The French established trading posts on the island in the 17th century, which became favourite haunts of pirates for many years. During World War Two, British forces occupied the island amid fears the Japanese would use it as a staging post for an African campaign. The British returned the island to the French, who eventually declared it independent in 1958.
Malagasay (pronounced mala-gash) is spoken throughout the whole island. Given the island’s size (roughly that of Kenya) there are differences in dialects, though everyone understands each other more or less. The language is of Austronesian descent, which was bought by the Malay and Indonesian seafarers that settled the island around 2000 years ago. Theoretically, French is still an official language, although you will find that only government officials, businessmen, those in the tourist industry, doctors or those with a university education have any French; and they are equally likely to speak some English.
The Malagasy often do not pronounce the first and last syllables of certain nouns. For example, the name of the capital city is spelt ‘Antananarivo’, but pronounced ‘Tananriv’.
The unit of currency is the Ariary, although it is occasionally referred to (though not by the Malagasy) as the Malagasy Franc. As of the 27th October, 1 GBP buys 4020, 1 USD buys 2125 and 1 Euro buys 2692 Ariary. This is the only currency accepted, and although you should have no problem changing Euros or Dollars in a bank or exchange bureau, you may struggle in the countryside. Only exchange money when required, because you will not be able to sell your currency back if you don’t use it. Cash machines are rare, but can be found in Antananarivo.
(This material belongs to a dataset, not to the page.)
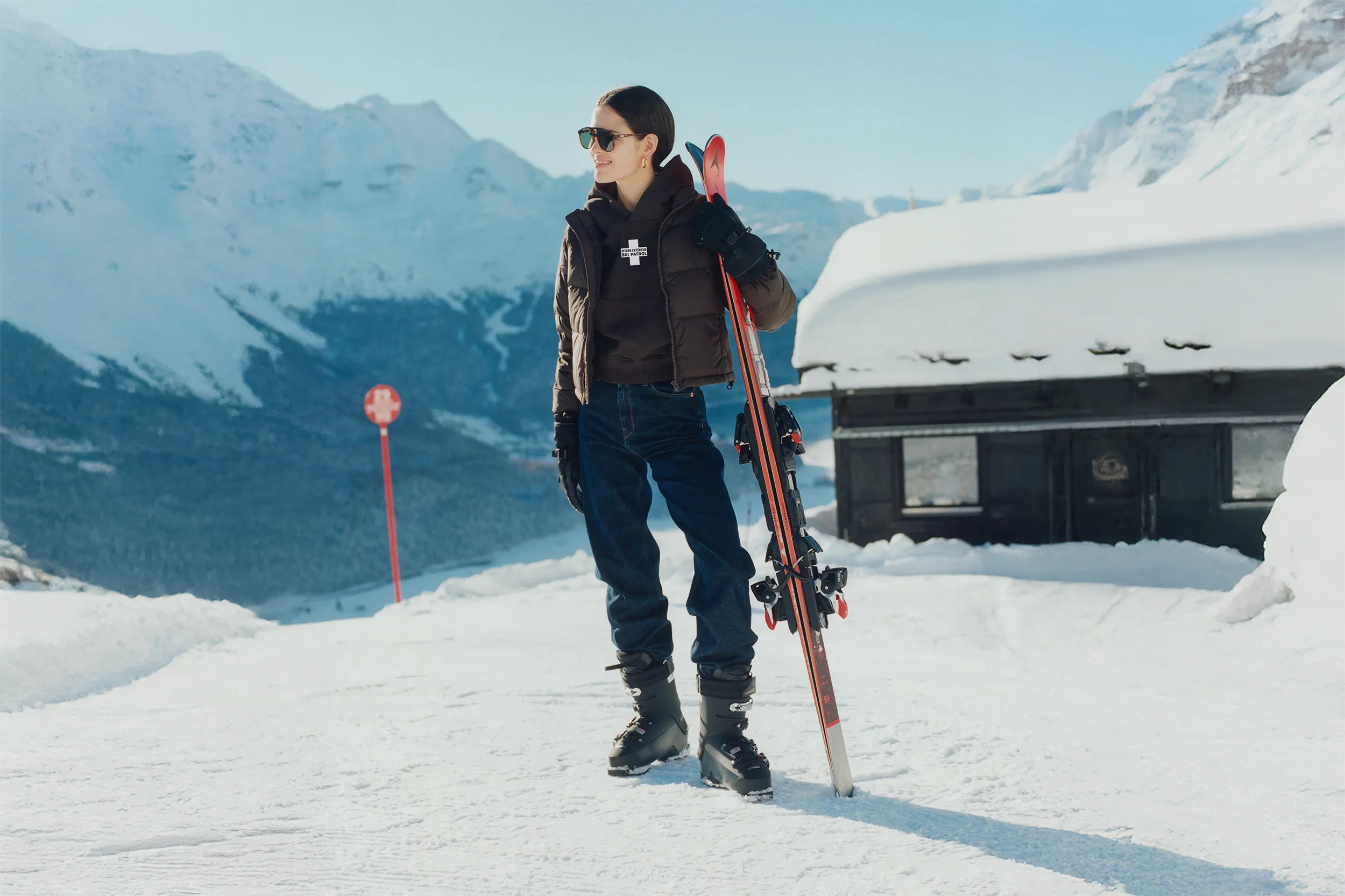 Après-Ski Society® header image: Person with skis standing on a snowy mountain with a cabin in the background

Madagascar’s geography is dominated by a large plateau, which forms the majority of the island’s interior. The temperature is moderated by altitude, with low lying coastal regions averaging 25 degrees Celsius, and the highest areas averaging 15 degrees Celsius. Although the temperature doesn’t fluctuate a great deal throughout the year, rainfall does, November to March being the wettest time. There is also the possibility of hurricanes during this time.
Amber Mountain National Park is the most visited tourist attraction in the country. Madagascar’s geographical isolation has led to the evolution of many unique species of flora and fauna. Its ecosystem is so distinctive that some ecologists have dubbed it ‘The Eighth Continent’. Possibly the most famous of these unique species is the lemur, of which seven different varieties are found in the park. There are also 73 different tropical bird species to occupy those with an ornithological leaning.
A visit to the Tsimbazaza Zoo in Antananarivo is also recommended for those with an interest in nature. Lemurs, fossas and other indigenous species occupy the well kept gardens. There is a natural history museum, and an educational display describing how the natives lived in harmony with nature.
Fort Dauphin is one of Madagascar’s most stunning towns, built on a peninsula flanked by two beautiful sandy beaches. This is one of the best places on the island to sample seafood, with a particular emphasis on lobster in the town’s excellent restaurants.
There is a wide variety of crafts and traditional artisan techniques unique to Madagascar. These include pieces of cloth woven in a number of different styles, called ‘lamba’; ‘vangavanga’ are silver bracelets and ‘antemore,’ which is a way of decorating papyrus with dried flowers and leaves. If you are taking items such as these out of the country, you may require an export license. It is as well to ask at the shop you are buying from.
The majority of evening activity is found in the coastal towns, where tourists and youngsters congregate on promenades, and buy kebabs and drinks from street vendors. Among the Malagasy, it is more common to visit your relations and spend the evening with them rather than socialising in bars and clubs. For this reason, there are not a huge number of bars and clubs, even in Antananarivo.
One of the most common evening activities among holidaymakers is ‘spotlighting’, or going into the countryside to spot nocturnal wildlife.
- In Madagascar, seatbelts, motorcycle helmets and child seats are not legal requirements as they are in Europe and North America.
- If you are caught drink driving, your car will be impounded for several days and you will be required to pay a fine.
- Outside Antananarivo streetlights are rare, and you may well find roads to be in such a bad state so as to preclude travelling on them.
- During rainy season, many roads will become waterlogged and impassable except in a 4x4.
Food and Drink
The staple of the Malagasy diet is rice. This is often eaten three times a day, and is prepared in a variety of different ways. Meat is also very popular for those who can afford it. Pork, Beef and chicken are the most readily available. Dried locusts are considered a delicacy and locals find it incredible that westerners are so ignorant that they can find the idea of eating one repulsive. The impact of French cuisine was restricted mainly to cities and restaurants. You can find several high quality bistros in the capital’s hotels.